Exercise description: Copy out the entries below exactly as they stand, but only from the line containing "The Olee Team worked" through the line containing "2階には吹き抜けを挟んで二つ".

=== Input records ===

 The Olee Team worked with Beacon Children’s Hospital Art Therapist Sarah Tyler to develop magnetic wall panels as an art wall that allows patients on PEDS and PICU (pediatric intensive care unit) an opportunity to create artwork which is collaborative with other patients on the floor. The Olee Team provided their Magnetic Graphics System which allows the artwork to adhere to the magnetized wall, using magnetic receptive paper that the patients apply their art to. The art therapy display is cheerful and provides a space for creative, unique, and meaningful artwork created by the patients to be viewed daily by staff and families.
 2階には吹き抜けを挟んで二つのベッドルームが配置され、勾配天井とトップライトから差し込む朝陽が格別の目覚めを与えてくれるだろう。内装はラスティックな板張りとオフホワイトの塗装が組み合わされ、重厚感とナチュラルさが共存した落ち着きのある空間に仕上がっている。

===
=== Input records ===

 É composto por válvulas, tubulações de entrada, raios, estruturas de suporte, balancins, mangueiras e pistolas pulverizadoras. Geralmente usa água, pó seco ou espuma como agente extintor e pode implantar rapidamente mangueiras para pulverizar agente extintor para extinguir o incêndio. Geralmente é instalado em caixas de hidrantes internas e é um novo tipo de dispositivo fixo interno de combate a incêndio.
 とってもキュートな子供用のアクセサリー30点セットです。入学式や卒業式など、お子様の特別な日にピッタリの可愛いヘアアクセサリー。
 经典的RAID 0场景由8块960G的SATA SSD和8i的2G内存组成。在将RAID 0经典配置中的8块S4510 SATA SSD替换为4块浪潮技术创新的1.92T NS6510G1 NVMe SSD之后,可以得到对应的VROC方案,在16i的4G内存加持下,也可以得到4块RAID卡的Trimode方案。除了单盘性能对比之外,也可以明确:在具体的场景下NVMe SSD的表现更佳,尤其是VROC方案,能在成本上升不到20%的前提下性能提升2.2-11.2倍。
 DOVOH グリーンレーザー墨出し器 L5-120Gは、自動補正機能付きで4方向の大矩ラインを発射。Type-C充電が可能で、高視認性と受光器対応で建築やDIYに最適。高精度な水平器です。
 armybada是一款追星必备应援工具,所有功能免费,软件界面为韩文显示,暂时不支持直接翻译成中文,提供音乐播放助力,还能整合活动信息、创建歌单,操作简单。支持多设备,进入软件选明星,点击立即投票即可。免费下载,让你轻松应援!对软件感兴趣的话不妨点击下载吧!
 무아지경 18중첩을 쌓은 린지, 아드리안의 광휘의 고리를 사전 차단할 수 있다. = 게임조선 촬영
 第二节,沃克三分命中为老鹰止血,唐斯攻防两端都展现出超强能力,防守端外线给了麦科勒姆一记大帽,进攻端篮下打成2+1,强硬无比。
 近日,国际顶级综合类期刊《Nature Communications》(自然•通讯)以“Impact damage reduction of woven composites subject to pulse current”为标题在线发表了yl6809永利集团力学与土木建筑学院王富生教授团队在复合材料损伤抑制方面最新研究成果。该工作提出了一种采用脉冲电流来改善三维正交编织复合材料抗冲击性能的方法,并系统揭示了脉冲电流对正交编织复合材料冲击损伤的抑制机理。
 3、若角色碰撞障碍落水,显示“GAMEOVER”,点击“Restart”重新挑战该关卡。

===
=== Input records ===

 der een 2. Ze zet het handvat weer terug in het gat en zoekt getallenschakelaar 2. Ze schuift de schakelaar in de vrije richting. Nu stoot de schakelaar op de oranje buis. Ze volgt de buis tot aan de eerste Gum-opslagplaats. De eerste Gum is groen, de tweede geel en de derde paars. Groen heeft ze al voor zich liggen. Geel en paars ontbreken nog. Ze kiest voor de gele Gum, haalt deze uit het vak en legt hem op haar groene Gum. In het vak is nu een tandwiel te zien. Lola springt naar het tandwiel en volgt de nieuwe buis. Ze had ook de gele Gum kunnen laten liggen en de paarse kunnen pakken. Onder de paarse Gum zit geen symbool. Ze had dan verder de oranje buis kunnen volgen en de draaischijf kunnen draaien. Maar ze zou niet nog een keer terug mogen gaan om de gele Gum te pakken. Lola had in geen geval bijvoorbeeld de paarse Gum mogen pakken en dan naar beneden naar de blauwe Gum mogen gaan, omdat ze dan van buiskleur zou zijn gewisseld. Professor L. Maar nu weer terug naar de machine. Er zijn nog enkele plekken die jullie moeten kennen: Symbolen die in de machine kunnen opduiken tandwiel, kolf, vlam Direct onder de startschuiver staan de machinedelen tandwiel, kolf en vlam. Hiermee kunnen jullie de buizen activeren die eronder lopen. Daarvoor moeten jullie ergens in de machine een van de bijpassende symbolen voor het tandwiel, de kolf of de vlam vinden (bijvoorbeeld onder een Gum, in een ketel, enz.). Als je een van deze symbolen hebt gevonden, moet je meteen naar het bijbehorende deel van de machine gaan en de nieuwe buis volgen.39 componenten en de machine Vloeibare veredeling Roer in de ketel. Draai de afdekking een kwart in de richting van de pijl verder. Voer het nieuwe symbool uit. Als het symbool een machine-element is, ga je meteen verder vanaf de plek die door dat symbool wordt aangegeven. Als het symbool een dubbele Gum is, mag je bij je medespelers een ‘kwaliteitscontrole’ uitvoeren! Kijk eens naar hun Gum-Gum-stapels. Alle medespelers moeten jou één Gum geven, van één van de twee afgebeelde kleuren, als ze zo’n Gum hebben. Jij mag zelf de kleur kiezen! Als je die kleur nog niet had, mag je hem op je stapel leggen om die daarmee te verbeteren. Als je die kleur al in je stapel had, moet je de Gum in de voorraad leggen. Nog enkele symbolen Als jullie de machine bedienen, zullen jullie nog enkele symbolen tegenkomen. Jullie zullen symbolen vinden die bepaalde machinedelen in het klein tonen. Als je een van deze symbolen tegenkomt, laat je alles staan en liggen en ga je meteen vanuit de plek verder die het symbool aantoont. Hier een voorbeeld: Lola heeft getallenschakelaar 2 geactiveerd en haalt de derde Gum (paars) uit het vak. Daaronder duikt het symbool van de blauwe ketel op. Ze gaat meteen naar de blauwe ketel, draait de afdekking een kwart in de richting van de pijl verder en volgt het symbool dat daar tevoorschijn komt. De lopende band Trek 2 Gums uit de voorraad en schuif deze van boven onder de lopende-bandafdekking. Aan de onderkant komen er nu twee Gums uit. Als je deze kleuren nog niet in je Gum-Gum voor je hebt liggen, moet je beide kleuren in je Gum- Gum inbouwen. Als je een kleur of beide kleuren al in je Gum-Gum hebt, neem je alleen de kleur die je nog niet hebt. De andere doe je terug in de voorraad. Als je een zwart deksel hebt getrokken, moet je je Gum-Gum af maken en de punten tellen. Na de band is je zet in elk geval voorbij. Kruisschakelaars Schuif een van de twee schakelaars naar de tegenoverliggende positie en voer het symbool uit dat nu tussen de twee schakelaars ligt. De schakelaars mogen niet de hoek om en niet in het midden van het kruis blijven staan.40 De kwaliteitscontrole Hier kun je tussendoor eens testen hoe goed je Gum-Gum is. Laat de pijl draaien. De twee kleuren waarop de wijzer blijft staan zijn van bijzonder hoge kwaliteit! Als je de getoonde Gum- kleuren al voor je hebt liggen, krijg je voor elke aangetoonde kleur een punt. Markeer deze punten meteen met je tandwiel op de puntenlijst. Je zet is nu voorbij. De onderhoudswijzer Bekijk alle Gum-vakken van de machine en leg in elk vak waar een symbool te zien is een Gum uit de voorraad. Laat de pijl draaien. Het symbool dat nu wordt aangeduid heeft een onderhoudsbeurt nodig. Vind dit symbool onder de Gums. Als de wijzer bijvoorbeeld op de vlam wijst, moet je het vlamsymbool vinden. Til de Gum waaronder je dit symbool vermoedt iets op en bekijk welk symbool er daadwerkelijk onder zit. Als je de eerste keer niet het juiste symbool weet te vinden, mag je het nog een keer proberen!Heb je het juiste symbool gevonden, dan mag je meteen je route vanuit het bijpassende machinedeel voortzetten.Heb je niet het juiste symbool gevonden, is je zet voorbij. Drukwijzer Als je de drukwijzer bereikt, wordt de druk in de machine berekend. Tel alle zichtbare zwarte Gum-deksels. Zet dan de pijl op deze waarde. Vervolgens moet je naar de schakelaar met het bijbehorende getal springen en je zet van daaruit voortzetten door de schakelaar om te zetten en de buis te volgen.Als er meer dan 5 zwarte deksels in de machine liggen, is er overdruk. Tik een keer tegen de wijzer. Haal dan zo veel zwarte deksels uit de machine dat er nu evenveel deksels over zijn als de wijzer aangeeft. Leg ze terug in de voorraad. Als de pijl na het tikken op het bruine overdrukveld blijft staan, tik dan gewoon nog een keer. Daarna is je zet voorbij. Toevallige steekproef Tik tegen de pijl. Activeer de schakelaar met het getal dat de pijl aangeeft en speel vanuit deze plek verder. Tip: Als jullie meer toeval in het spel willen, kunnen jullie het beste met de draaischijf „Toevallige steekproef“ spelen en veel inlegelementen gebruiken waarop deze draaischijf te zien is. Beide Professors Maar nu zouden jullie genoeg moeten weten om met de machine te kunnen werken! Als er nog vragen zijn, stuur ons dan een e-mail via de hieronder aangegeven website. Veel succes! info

===

Solution to the exercise:
 The Olee Team worked with Beacon Children’s Hospital Art Therapist Sarah Tyler to develop magnetic wall panels as an art wall that allows patients on PEDS and PICU (pediatric intensive care unit) an opportunity to create artwork which is collaborative with other patients on the floor. The Olee Team provided their Magnetic Graphics System which allows the artwork to adhere to the magnetized wall, using magnetic receptive paper that the patients apply their art to. The art therapy display is cheerful and provides a space for creative, unique, and meaningful artwork created by the patients to be viewed daily by staff and families.
 2階には吹き抜けを挟んで二つのベッドルームが配置され、勾配天井とトップライトから差し込む朝陽が格別の目覚めを与えてくれるだろう。内装はラスティックな板張りとオフホワイトの塗装が組み合わされ、重厚感とナチュラルさが共存した落ち着きのある空間に仕上がっている。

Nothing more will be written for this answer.